If you're a fan of overblown nostalgic film-pieces - and by that I mean movies like Dennis Quaid's Frequency or Richard Donner's much better Radio Flyer, or even Ray Bradbury's literary work like Dandelion Wine, or Stephen King's more sentimental short stories, (I'm thinking My Pretty Pony here) you might find something in Dog Days to kick back and zone out with. I however...
The Bad: Did not.
So Dog Days of Summer is obviously nostalgia made manifest. And the Bradbury influence is powerful in every frame of the film. The real problem is Ray Bradbury's a fantastic writer, (as is the aforementioned Mr. King) - Travis Beacham and Mark Freiburger, well they're not. At least not on that level. I doubt Mr. Bradbury or Mr. King would have ever named one of their own mysterious strangers Eli Cottonmouth...
These two filmmakers might know what yesteryear should seem like, or at least what a movie incarnation of youth and pre-adulthood should look like, but they've never really been there. At least that's what I was thinking as I watched their movie. In fact I'm actually wondering if these two men were ever real boys at one time - or just apartment rats playing video games and taking dips in the ball pool at the local McDonalds. They certainly were never like the two young kids they chose to base a film upon. That fact is made obvious when you try and decipher exactly what year Dog Days of Summer is taking place in. It's a modern story, set to flashbacks. But are we flashingback to the late 60's? Is this the 80's? The clothes say maybe, the cars say sorta', the kids shoes and toys say 2009. It's the kind of detail flub that can drive a discerning film viewer a bit mad.

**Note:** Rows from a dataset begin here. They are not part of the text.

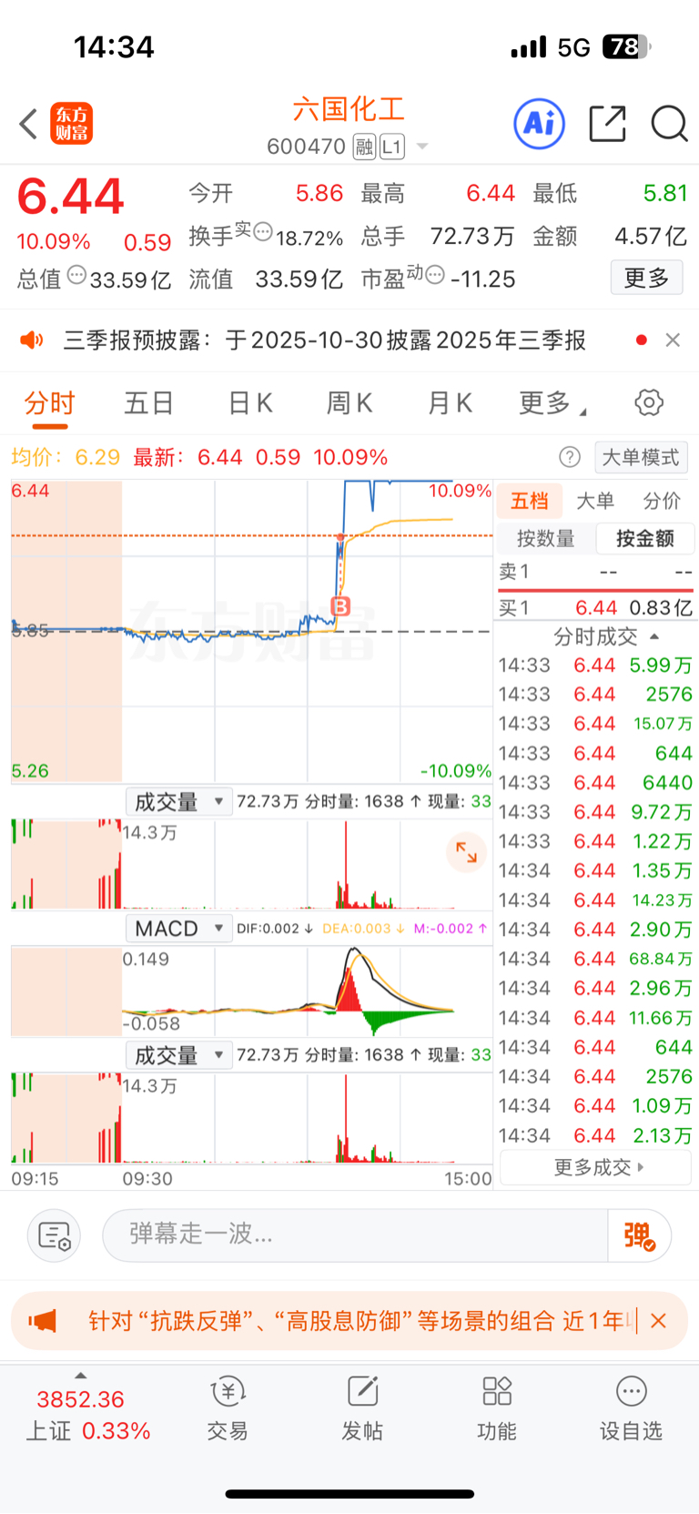 $六国化工(SH600470)$  比乎比乎吧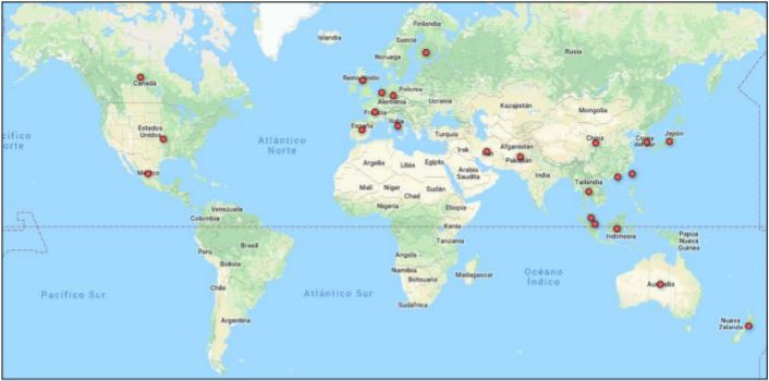La publicación de articulos, que abordan el eWOM y la toma de decisiones del consumidor en los diez años estudiados, están distribuidos en 23 países, el 47.82% son asiáticos (n=11/23); 30.43% son europeos (n=7/23). Norteamérica representa el 13.04% (n=3/23) y Oceanía el 8.69% (n=2/23). La Figura 5 muestra la distribución por países.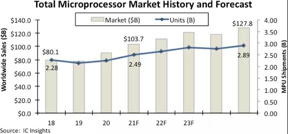 IC Insights在最近發(fā)布的《2021年麥克林報告》年中更新中表示,現(xiàn)在預(yù)計MPU銷售額將在2021年增長14%,這將使微處理器市場總額達到創(chuàng)紀(jì)錄的 1037億美元,而此前預(yù)計的增長為9%。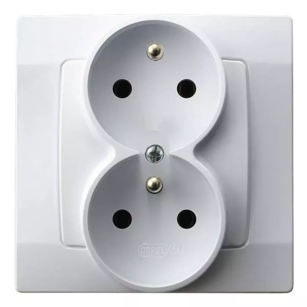 KARO Gniazdo podwójne z uziemieniem z funkcją niezamienności faz, kompletne z ramką - kolor biały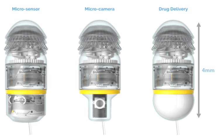 Figure 15 : Représentation de différentes configurations du microrobot Robeauté en fonction de l’objectif clinique : dépôt d’électrode (Micro-sensor), visualisation des structures (Micro-camera), administration de traitements (Drug Delivery) (Source : Sorbonne Université, 2022) [44]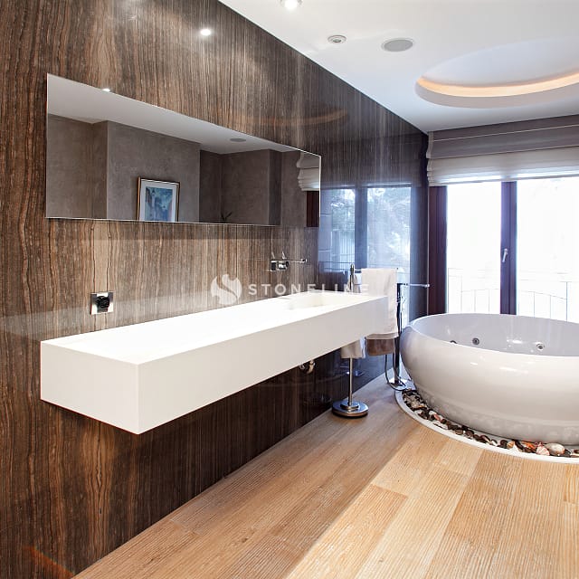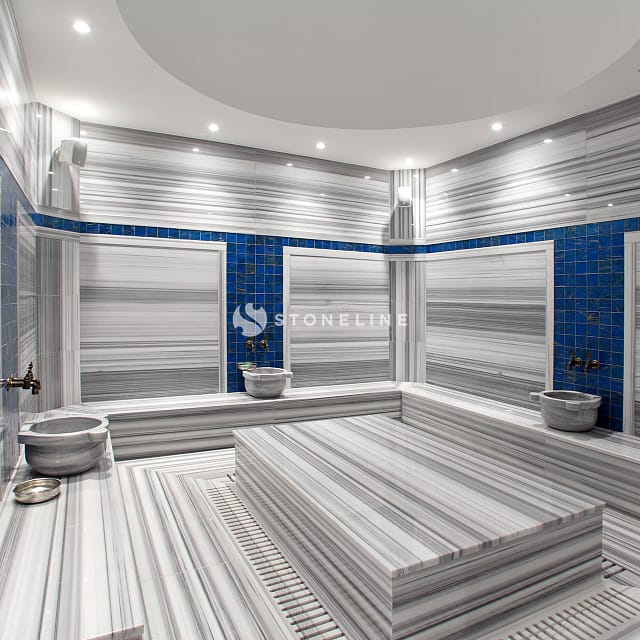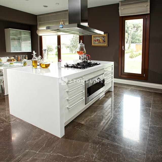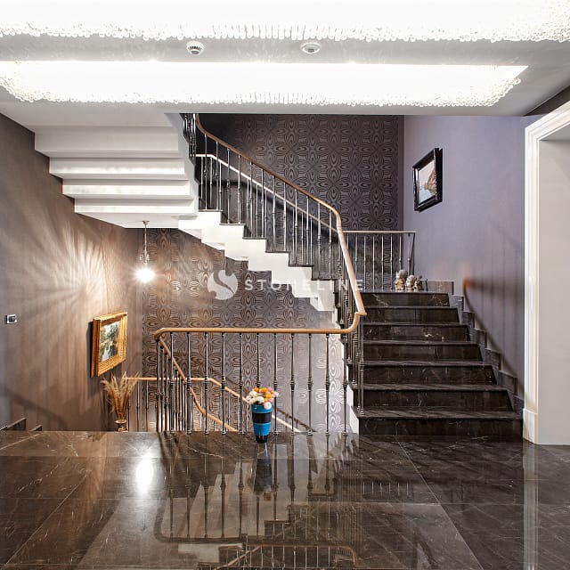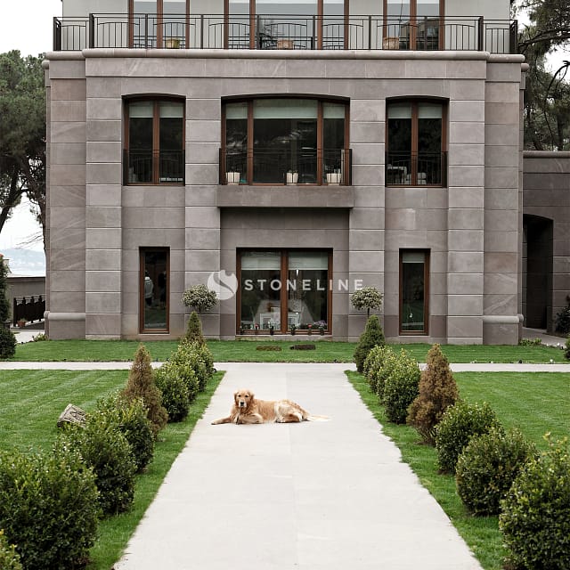 Designed by the Architect Bülent Kanat, this private residence project is decorated with Diamond Brown in the common areas and kitchen with soft hues of brown while bathrooms are covered with Brown Serpegiante, Marmara Stripes andBlack Marinache that are some of the finest examples of Stoneline collection. The outer façade is covered with Andesite – a volcanic natural stone with classical look. You can also discover hundreds of stones from the natural stone selection of Stoneline for your elegant designs.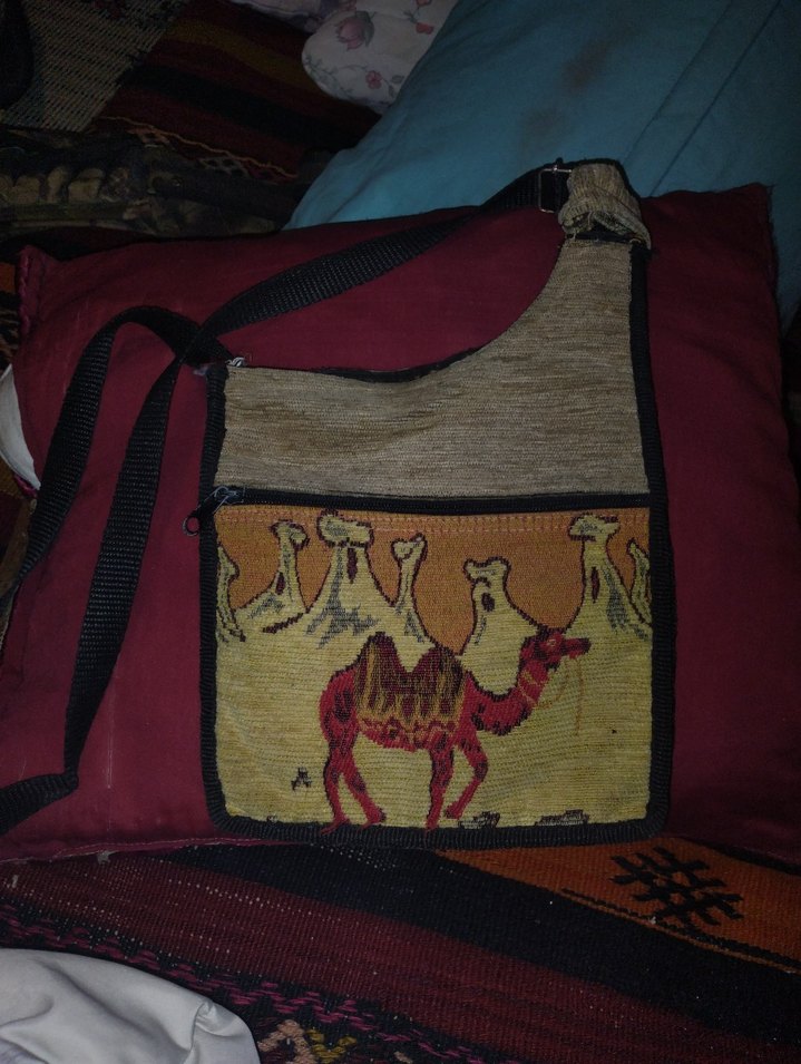 Nakışlı desenlere sahip, fermuarlı, tekstil malzemeden yapılmış camel renk çapraz kadın çantası. Bohem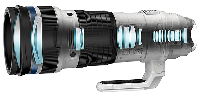 According to Olympus, one of the primary goals of the R&D department when developing this lens was to get it as light as possible (under 2kg) while also maintaining a rugged, durable construction. Olympus tells us that the lens barrel is constructed primarily out of magnesium alloy along with some carbon-fiber-reinforced plastic. The size advantages of the Micro Four Thirds platform, which for one thing allows for the use of smaller lens elements, allowed the engineers to use less magnesium alloy in the construction, which in turn made for a smaller and lighter lens that's still strong, solid and, of course, thoroughly weather-sealed.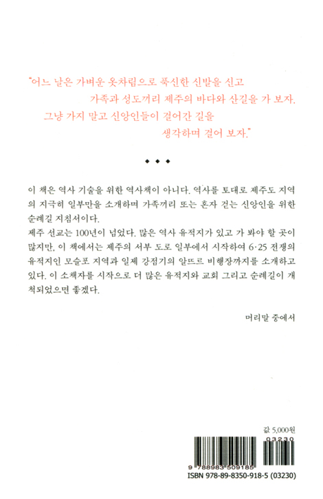 이 책은 제주도 서부 도로 일부에서 시작하여 6‧25 전쟁 유적지인 모슬포 지역과 일제 시대의 알뜨르 비행장 유적지까지를 사진과 함께 소개하고 있다.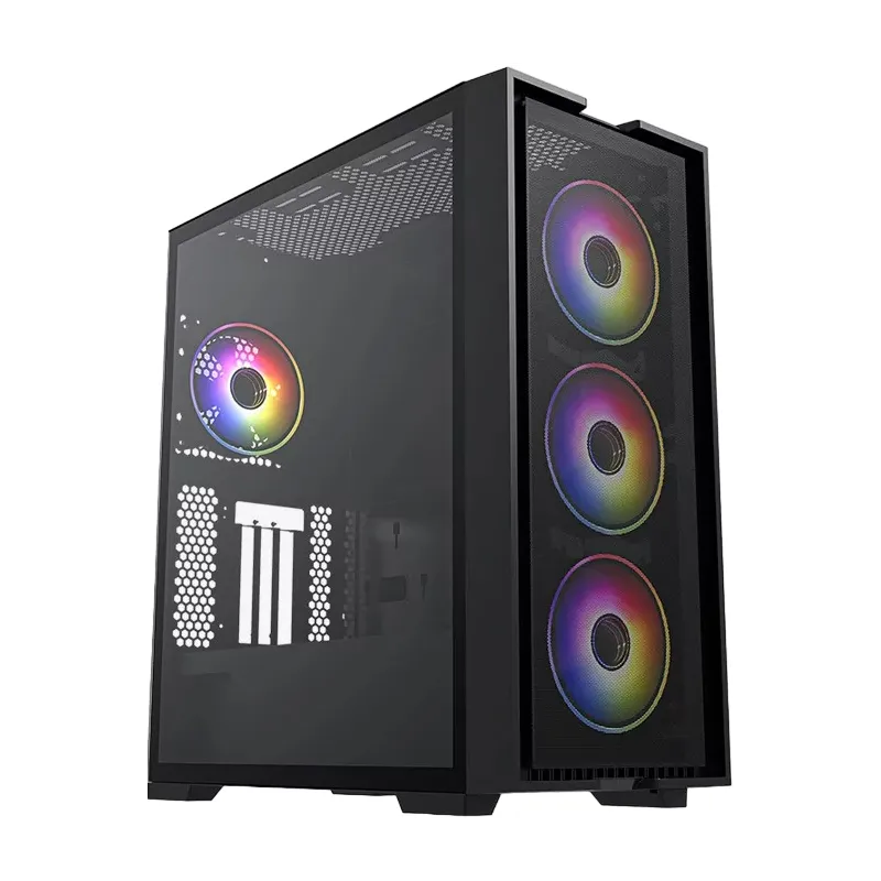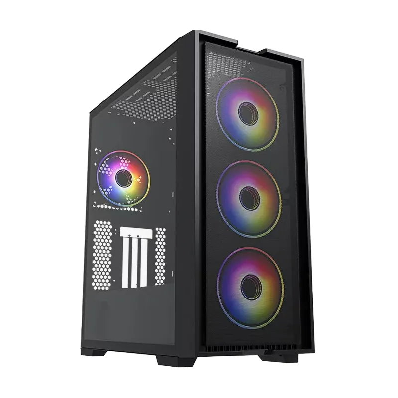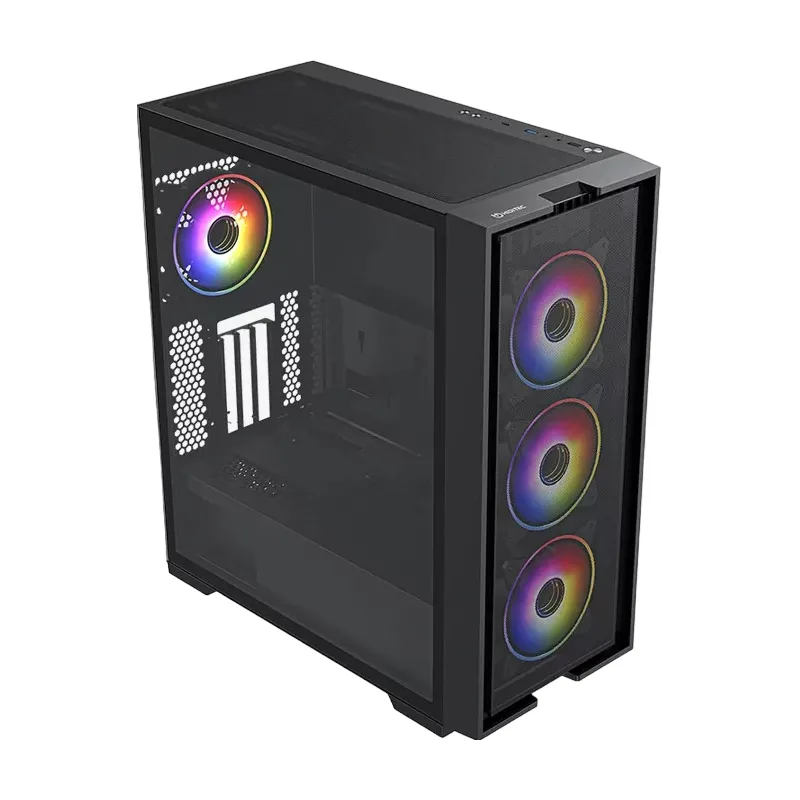 El frontal microperforado y los laterales de cristal templado no solo proporcionan una estética sofisticada, sino que también garantizan una ventilación excepcional, junto con los ventiladores LED ARGB que iluminan tu setup mientras mantienen tus componentes a la temperatura ideal.
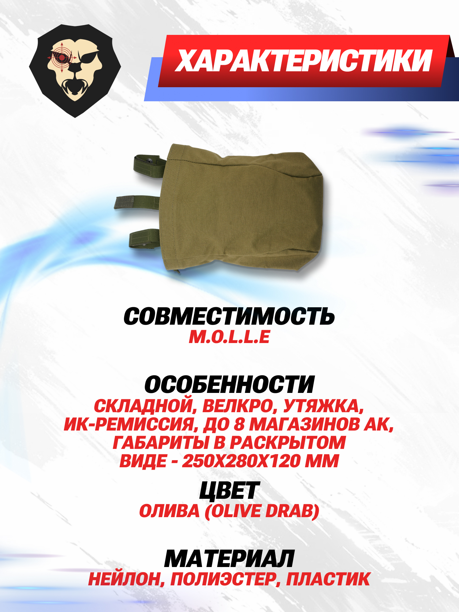 | Особенности | Складной, велкро, утяжка, ИК-ремиссия, до 8 магазинов АК, габариты в раскрытом виде - 250x280x120 мм |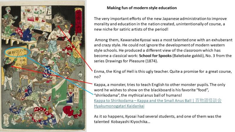 This woodblock production,150 years ago, may lead to believe that, to some extent, present difficulties of some people with Education and Moral are inherent to the human condition. What do you think?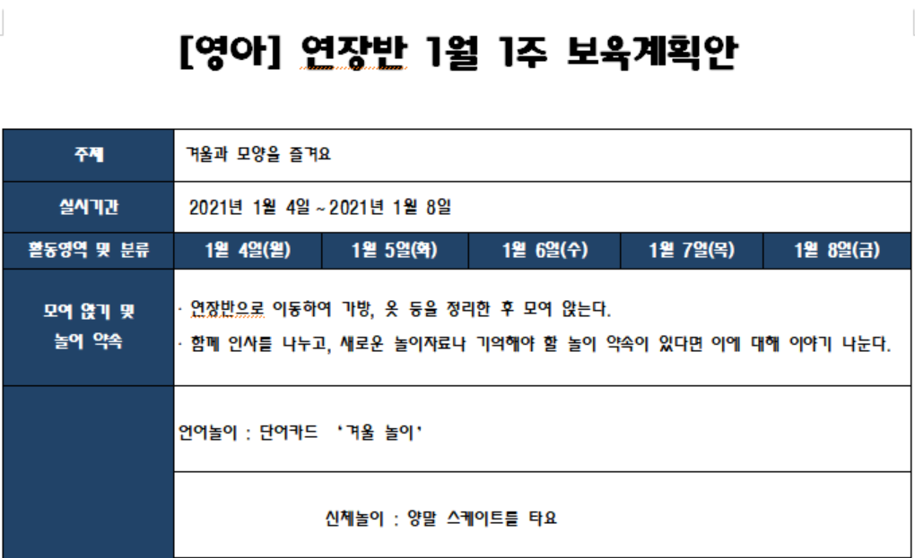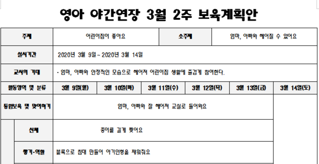연장반 보육일지와 연장반 보육계획안 그리고, 야간연장반 보육계획안도 함께 올려봅니다.

To me it came off just as hazy and sick in love with it's strong recollection of a time and a place that really only existed in the foggy memory bankss of grown men - but not based on personal experience, but on better fictional tales they read written by other writers. This film is dripping with Bradbury and King influences. From Something Wicked to Needful Things, we've all seen this place before. As it stands Dog Days comes off as a a smudged photocopy of those stories.
The Ugly: The only really big gripe I have about Dog Days - well bigger gripe I have than that thick smear of criticism I lay down in the last three paragraphs of this review - is that this movie certainly didn't seem like it was made for kids. There's a whole lot of things going on in this film that come off much more adult than I believe your average 10 year old will get a grasp on, or will even care to follow. Marital infidelity, crisis of faith, infanticide, baseball bat beatings of the eldery... I doubt Walt Disney would have ever sailed these rough waters in one of his films...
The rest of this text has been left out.